What this task involves:
Print exactly the lines that run from the opening line of the material through the line with "平心而论,此役的点球判罚确实", and nothing else, leaving out pictures.

------ Exercise input

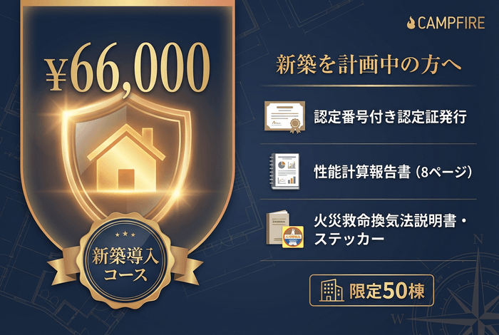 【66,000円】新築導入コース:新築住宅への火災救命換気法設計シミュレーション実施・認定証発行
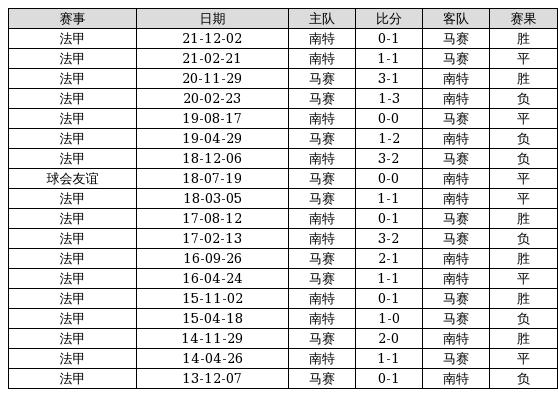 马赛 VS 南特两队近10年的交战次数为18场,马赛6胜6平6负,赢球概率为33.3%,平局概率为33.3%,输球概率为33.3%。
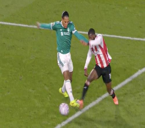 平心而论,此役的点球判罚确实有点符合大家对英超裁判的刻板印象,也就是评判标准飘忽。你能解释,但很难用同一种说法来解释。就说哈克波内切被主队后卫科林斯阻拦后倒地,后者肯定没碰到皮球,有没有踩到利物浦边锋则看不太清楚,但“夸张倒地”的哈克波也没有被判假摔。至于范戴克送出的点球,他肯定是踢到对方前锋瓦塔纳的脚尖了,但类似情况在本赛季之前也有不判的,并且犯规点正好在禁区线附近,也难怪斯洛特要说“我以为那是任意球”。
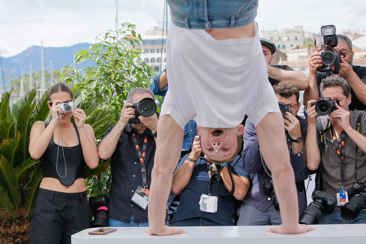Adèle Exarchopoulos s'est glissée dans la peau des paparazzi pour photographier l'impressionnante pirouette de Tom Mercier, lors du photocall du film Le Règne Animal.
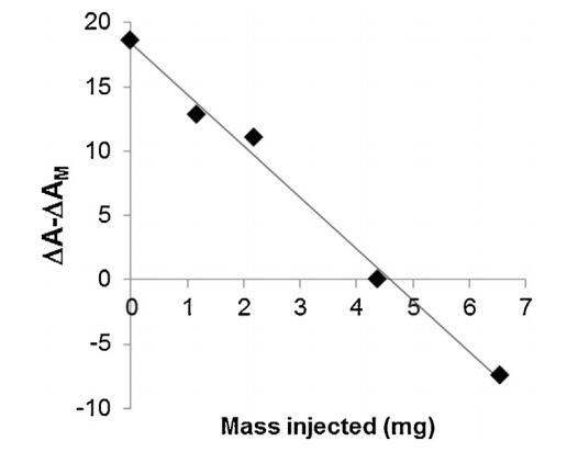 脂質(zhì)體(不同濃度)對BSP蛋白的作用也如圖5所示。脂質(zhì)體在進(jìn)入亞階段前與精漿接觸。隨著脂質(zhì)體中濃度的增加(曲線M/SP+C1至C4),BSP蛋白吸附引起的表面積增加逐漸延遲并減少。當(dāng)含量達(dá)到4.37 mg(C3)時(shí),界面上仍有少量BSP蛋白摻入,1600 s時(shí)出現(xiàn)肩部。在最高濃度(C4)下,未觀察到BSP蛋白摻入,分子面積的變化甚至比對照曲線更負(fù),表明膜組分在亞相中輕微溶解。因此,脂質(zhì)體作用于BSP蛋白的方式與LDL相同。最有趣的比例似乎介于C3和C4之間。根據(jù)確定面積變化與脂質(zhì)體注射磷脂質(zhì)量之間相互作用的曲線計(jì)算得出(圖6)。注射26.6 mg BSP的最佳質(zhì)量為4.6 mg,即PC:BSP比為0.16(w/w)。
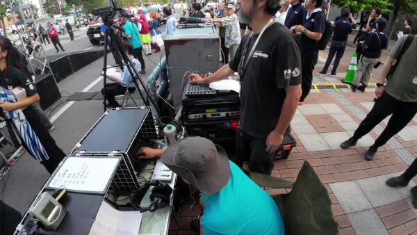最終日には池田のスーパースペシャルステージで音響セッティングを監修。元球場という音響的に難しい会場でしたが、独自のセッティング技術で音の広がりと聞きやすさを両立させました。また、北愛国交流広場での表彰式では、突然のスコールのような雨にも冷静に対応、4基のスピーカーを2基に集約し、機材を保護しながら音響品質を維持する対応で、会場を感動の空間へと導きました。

------------

Response to the task:
 【66,000円】新築導入コース:新築住宅への火災救命換気法設計シミュレーション実施・認定証発行
 马赛 VS 南特两队近10年的交战次数为18场,马赛6胜6平6负,赢球概率为33.3%,平局概率为33.3%,输球概率为33.3%。
 平心而论,此役的点球判罚确实有点符合大家对英超裁判的刻板印象,也就是评判标准飘忽。你能解释,但很难用同一种说法来解释。就说哈克波内切被主队后卫科林斯阻拦后倒地,后者肯定没碰到皮球,有没有踩到利物浦边锋则看不太清楚,但“夸张倒地”的哈克波也没有被判假摔。至于范戴克送出的点球,他肯定是踢到对方前锋瓦塔纳的脚尖了,但类似情况在本赛季之前也有不判的,并且犯规点正好在禁区线附近,也难怪斯洛特要说“我以为那是任意球”。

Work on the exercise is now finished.